There are not many secular books that bring Christianity and climate change (amongst other things) together but “Flight Behaviour” by Barabara Kingsolver is one. I recently came across this book and thought it looked interesting. In “Flight Behaviour” the chief protagonist Dellarobia (who was trapped into a shotgun marriage to a dull but likeable husband) is on her way up to a remote hut in the Tennessee mountains to commit adultery with someone she barely knows. She is is stopped in her tracks by millions of Monarch butterflies who it turns out have migrated to the wrong place due to climate change.
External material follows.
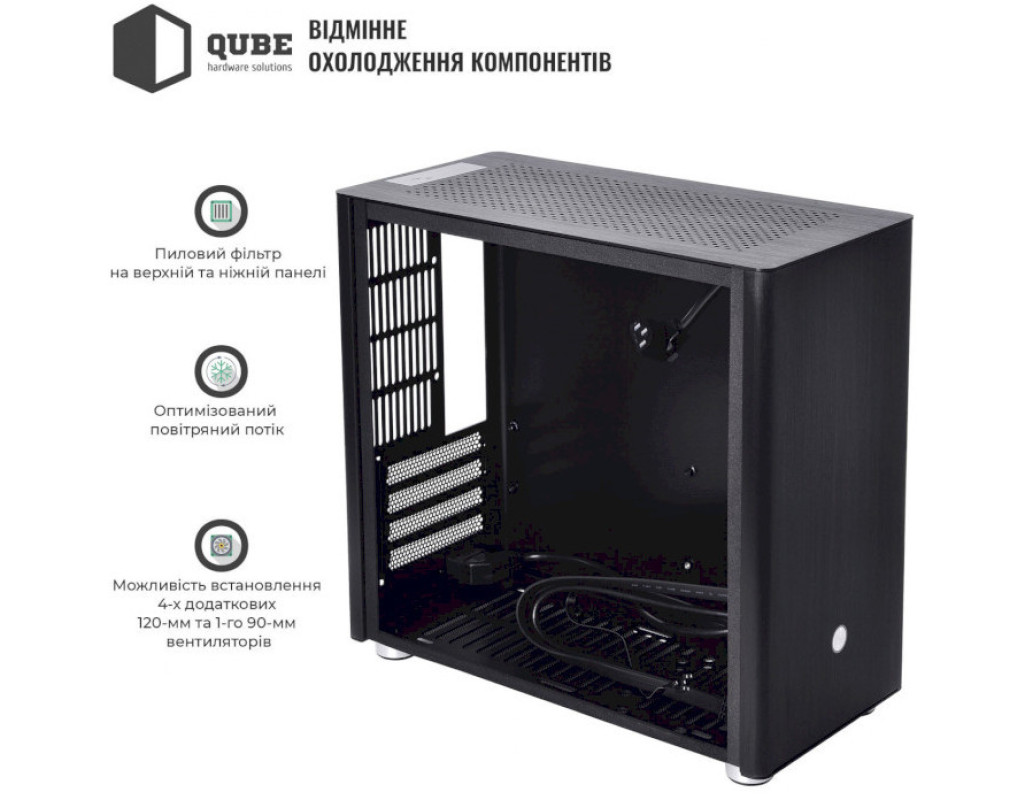 | Корпус для ПК Qube QBV9M_WBNU3 — це високоякісний вибір для геймерів, які прагнуть поєднати стильний дизайн із функціональністю. Цей корпус формату MiniTower відзначається компактними розмірами 165 x 337 x 317 мм, що робить його ідеальним рішенням для домашніх ігрових станцій та невеликих просторів. Один із ключових елементів цього корпусу — це його вражаюча конструкція. Зовнішні панелі виготовлені з анодованого алюмінію товстого профілю, що надає не лише елегантний вигляд, а й підсилює конструкцію. Ці панелі закривають внутрішній сталевий каркас з п'яти сторін, забезпечуючи надійну захищеність компонентів та стильність в одному флаконі. Не менш важливим є і те, що обробка алюмінію зефектовано надає корпусу сучасного та вишуканого вигляду. Всередині корпусу Qube QBV9M_WBNU3 усе ретельно продумано для зручного монтажу. Підтримуються материнські плати Mini-ITX та Micro-ATX, що відкриває великі можливості для вибору компонентів. Також ви можете встановити одну 3.5-дюймову та одну 2.5-дюймову накопичувачі, що задовольняє потреби більшості користувачів у зберіганні даних. Особливу увагу варто приділити вентиляції. Qube QBV9M_WBNU3 має можливість розмістити до п'яти вентиляторів для оптимального охолодження. Зверху можна встановити два вентилятори діаметром 120 мм, знизу — також два 120 мм, а ззаду — один 80 мм. Використання протипилових фільтрів на верхній та нижній гранях забезпечить захист від пилу та підтримання чистоти всередині. Блок живлення встановлюється в нижній частині корпусу, що забезпечує стабільне охолодження і зручне управління кабелями. Максимальна довжина блоку живлення не визначена, що дозволяє обрати найбільш відповідну модель саме для вашої системи. Для тих, хто планує використовувати геймерські компоненти, корпус підтримує відеокарти довжиною до 290 мм та процесорні кулери висотою до 133 мм. Зовнішні роз'єми також вражають своєю зручністю — дві високошвидкісні порти USB 3.0 та два аудіороз'єми забезпечують легкий доступ для підключення периферії та аудіообладнання. Це дозволяє швидко і комфортно інтегрувати ваші пристрої без зайвих зусиль. Інноваційний підхід до розробки вікна бічної панелі з загартованого скла товщиною 4 мм додає корпусу особливого шарму, дозволяючи милуватися встановленими компонентами та підсвіткою, якщо така наявна. Це поєднання естетики та функціональності робить Qube QBV9M_WBNU3 не просто корпусом для ПК, а виразом вашого унікального стилю і підходу до створення ідеальної ігрової системи. Цей чорний корпус з вагою всього 2.7 кг, стане не тільки надійним рішенням, але й легким у транспортуванні, що особливо актуально для тих, хто часто переміщує свою систему. Обираючи Qube QBV9M_WBNU3, ви отримаєте не тільки якісну основу для вашого ПК, але і відмінний стильний акцент у вашому інтер'єрі. |

Before long Dellarobia‘s church, the local town, climate activists, sightseers and scientists are all involved in the story of the butterflies. Science, faith and family secrets all unfold. For someone who does not claim to be a Christian Kingsolver writes fairly convincingly about the church the family attend which I realised after a bit is an emerging or emergent church (cannot remember the difference). She also writes convincingly about the inside of a lab and the science involved. It turns out she studied a scientific degree and briefly worked as scientist.
I read Kingsolver’s factual “Animal, Vegetable, Mineral” which was brilliant. Did I enjoy “Flight Behaviour”? I’m not sure its a book you are supposed to enjoy. It could have been shorter. I had to read it in small chunks, although its an easy read I found the subject matter heavy going. The characters are believable, Dellarobia‘s best friend Dovey is priceless. I fear its portrayal of small town Southern State America and its suspicion of outsiders, science in general and climate change in particular- was accurate; and its portrayal of the cynical media. Other than climate change there is a little bit of mention of energy security, but not peak oil per se.
One bizarre aspect of the book was the strange character names. Have you met anyone called Ovid, especially from the US Virgin Islands? Finally flight Behaviour refers not just to the butterflies but is a metaphor for other aspects of the characters in the book. I’d give it 6.5/10, not a book to cheer you up with hopeful escapism, but a worthwhile read all the same.